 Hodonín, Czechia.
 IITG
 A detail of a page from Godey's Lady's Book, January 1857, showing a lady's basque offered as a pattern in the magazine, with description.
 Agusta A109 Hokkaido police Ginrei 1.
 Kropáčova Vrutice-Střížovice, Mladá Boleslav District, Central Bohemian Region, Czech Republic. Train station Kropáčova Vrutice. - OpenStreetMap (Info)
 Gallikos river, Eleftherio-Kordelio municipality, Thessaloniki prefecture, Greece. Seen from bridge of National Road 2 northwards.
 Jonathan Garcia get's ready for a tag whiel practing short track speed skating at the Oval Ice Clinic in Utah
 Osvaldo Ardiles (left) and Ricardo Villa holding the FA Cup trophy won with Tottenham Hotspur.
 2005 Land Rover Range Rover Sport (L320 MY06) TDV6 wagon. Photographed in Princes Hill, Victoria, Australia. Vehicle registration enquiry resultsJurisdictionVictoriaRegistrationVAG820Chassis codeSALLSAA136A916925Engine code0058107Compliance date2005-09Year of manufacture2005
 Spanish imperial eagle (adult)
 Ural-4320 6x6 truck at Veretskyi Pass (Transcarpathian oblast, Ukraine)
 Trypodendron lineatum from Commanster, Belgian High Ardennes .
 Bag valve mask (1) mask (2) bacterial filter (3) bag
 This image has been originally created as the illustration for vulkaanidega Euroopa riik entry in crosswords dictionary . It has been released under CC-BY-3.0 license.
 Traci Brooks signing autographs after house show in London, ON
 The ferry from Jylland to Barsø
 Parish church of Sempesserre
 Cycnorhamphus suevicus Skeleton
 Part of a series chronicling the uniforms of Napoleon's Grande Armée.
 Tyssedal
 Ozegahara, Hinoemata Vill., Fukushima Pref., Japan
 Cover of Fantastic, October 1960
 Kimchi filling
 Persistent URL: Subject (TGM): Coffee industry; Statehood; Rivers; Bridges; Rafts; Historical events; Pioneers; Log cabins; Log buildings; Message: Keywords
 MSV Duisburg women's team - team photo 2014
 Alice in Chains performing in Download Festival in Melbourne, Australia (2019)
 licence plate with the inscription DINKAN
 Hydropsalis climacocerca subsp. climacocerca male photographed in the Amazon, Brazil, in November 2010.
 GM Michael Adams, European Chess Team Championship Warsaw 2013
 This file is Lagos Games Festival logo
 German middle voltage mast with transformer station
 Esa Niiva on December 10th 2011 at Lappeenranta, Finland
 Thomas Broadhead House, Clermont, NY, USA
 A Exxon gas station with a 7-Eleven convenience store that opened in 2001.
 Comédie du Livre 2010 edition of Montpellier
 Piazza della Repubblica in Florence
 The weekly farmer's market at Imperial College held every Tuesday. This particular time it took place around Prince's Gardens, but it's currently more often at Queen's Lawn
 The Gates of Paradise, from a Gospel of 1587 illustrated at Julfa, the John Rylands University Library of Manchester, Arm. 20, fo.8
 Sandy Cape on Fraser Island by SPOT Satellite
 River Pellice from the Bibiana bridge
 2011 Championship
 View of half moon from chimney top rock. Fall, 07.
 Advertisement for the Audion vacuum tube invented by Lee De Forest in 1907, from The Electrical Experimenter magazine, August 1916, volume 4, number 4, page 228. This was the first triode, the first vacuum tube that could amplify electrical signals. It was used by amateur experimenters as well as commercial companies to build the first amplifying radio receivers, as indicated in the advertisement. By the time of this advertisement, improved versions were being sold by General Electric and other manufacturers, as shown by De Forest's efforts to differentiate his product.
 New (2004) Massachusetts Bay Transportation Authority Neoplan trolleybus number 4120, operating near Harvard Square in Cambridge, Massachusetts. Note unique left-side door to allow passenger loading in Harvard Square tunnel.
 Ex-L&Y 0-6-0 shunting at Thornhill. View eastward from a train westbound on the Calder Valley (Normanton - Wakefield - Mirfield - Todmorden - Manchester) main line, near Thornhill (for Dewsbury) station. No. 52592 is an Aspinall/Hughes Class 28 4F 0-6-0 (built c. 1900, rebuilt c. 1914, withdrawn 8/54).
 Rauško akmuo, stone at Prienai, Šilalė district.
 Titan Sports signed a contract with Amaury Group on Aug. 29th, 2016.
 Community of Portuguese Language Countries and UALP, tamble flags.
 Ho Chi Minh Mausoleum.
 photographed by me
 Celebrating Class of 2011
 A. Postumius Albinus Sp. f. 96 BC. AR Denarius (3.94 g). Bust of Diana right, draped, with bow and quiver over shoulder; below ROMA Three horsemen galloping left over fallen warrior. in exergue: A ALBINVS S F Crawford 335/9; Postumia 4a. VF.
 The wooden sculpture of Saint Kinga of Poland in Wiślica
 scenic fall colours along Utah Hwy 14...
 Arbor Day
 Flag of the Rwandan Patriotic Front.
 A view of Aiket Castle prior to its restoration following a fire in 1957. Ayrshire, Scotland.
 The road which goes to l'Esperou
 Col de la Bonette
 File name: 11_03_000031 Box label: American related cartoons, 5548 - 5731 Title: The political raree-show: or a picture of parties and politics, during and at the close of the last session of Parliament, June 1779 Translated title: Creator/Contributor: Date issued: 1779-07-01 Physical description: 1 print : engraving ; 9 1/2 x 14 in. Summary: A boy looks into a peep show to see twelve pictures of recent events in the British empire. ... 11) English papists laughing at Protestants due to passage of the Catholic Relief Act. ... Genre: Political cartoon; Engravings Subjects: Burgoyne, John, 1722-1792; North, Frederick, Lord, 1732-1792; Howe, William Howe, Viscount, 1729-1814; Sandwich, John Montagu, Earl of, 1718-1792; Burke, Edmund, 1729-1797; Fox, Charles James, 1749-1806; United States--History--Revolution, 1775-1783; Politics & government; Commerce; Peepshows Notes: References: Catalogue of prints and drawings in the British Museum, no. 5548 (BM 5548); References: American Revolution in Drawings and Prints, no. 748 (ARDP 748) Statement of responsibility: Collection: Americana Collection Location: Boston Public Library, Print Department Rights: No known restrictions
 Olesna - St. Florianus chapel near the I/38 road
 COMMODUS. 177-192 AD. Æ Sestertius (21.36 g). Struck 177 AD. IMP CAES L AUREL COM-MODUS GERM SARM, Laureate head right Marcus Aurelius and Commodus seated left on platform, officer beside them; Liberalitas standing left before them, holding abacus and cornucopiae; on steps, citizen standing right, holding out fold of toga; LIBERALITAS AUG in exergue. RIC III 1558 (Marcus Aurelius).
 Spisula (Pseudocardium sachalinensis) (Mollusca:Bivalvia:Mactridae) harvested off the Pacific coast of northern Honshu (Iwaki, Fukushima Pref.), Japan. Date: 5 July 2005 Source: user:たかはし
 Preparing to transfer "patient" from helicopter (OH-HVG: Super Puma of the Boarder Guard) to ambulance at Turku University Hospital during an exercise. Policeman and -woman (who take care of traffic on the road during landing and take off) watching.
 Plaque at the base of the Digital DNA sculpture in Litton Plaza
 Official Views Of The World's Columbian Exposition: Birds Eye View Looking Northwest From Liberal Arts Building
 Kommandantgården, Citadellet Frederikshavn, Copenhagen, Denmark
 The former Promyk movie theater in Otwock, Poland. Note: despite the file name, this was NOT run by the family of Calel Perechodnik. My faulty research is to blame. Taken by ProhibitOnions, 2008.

----------------------------------------

## Your goal
Lines of the material in which the word "number" occurs are to be copied out.

## Output of the task
 Advertisement for the Audion vacuum tube invented by Lee De Forest in 1907, from The Electrical Experimenter magazine, August 1916, volume 4, number 4, page 228. This was the first triode, the first vacuum tube that could amplify electrical signals. It was used by amateur experimenters as well as commercial companies to build the first amplifying radio receivers, as indicated in the advertisement. By the time of this advertisement, improved versions were being sold by General Electric and other manufacturers, as shown by De Forest's efforts to differentiate his product.
 New (2004) Massachusetts Bay Transportation Authority Neoplan trolleybus number 4120, operating near Harvard Square in Cambridge, Massachusetts. Note unique left-side door to allow passenger loading in Harvard Square tunnel.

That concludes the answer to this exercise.